Only the lines below from the one that holds "絵の具の使い方を6月に学習し" through the one that holds "色:白いTシャツ,グレーパンツ,グレーコート" should appear in the answer, copied exactly, end lines included and pictures omitted.

■ **Supplied data**:
________________
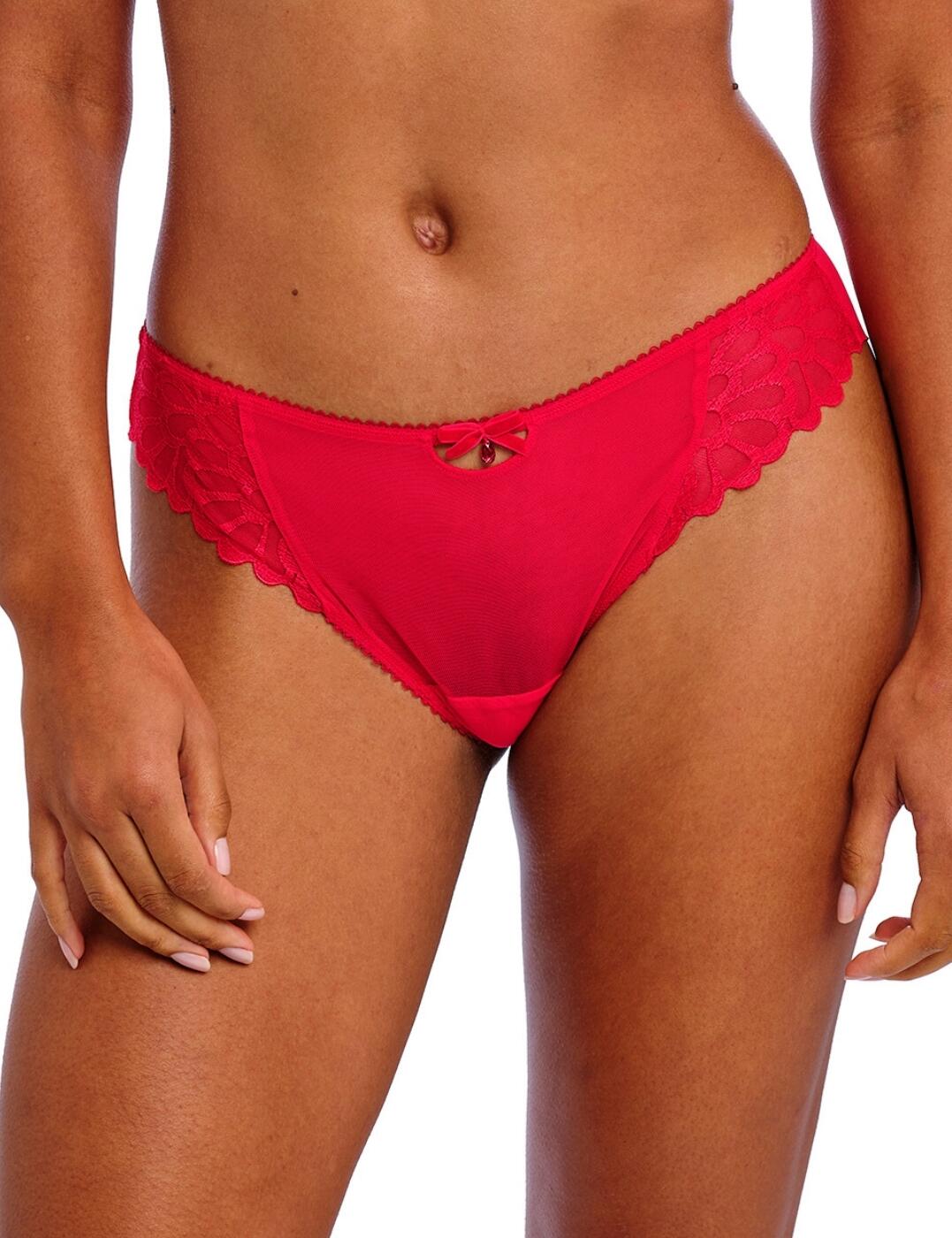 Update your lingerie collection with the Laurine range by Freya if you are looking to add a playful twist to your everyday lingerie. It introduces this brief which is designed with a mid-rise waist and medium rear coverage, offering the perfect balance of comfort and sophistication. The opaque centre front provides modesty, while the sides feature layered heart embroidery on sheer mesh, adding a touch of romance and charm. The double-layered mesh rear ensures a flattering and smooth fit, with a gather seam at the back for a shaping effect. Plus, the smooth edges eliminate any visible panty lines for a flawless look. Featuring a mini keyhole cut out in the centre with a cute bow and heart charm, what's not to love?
________________
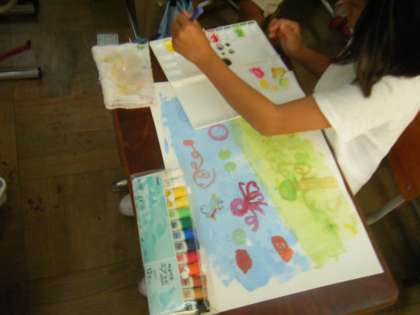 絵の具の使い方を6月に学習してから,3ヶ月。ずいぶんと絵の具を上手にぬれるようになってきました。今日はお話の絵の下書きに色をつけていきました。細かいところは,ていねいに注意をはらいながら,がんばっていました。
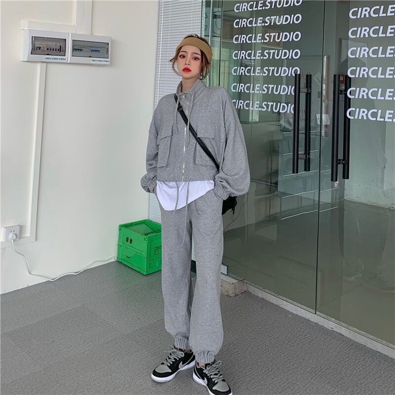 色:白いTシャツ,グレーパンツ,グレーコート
________________
■ **Your solution**:
 絵の具の使い方を6月に学習してから,3ヶ月。ずいぶんと絵の具を上手にぬれるようになってきました。今日はお話の絵の下書きに色をつけていきました。細かいところは,ていねいに注意をはらいながら,がんばっていました。
 色:白いTシャツ,グレーパンツ,グレーコート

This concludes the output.